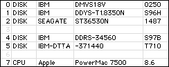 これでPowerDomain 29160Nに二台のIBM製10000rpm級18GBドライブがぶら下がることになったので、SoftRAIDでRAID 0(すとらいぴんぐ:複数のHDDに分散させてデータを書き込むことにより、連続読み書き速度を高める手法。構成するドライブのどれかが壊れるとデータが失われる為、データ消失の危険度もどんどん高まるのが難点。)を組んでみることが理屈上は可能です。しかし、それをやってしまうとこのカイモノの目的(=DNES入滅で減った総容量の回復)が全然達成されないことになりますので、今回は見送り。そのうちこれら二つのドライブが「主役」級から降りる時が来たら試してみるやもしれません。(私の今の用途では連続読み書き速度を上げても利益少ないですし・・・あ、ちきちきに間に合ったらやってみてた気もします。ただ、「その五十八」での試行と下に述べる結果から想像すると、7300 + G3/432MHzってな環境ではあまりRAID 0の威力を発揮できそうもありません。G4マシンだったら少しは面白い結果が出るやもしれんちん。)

*****

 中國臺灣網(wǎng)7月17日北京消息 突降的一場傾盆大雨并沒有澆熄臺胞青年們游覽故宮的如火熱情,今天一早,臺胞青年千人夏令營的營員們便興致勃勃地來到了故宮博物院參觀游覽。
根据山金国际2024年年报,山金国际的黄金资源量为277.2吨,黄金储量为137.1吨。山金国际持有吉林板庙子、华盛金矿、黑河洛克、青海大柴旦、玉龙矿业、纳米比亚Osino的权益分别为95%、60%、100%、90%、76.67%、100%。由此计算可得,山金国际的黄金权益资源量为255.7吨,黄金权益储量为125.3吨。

*****

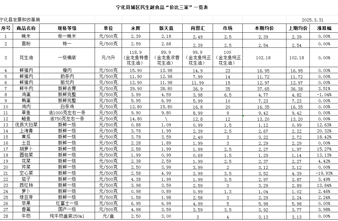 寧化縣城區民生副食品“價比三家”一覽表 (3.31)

*****

Copy out only the lines of the records above from the one with "中國臺灣網(wǎng)7月1" through the one with "根据山金国际2024年年报,山金国际的黄", exactly as they stand, both included.

 中國臺灣網(wǎng)7月17日北京消息 突降的一場傾盆大雨并沒有澆熄臺胞青年們游覽故宮的如火熱情,今天一早,臺胞青年千人夏令營的營員們便興致勃勃地來到了故宮博物院參觀游覽。
根据山金国际2024年年报,山金国际的黄金资源量为277.2吨,黄金储量为137.1吨。山金国际持有吉林板庙子、华盛金矿、黑河洛克、青海大柴旦、玉龙矿业、纳米比亚Osino的权益分别为95%、60%、100%、90%、76.67%、100%。由此计算可得,山金国际的黄金权益资源量为255.7吨,黄金权益储量为125.3吨。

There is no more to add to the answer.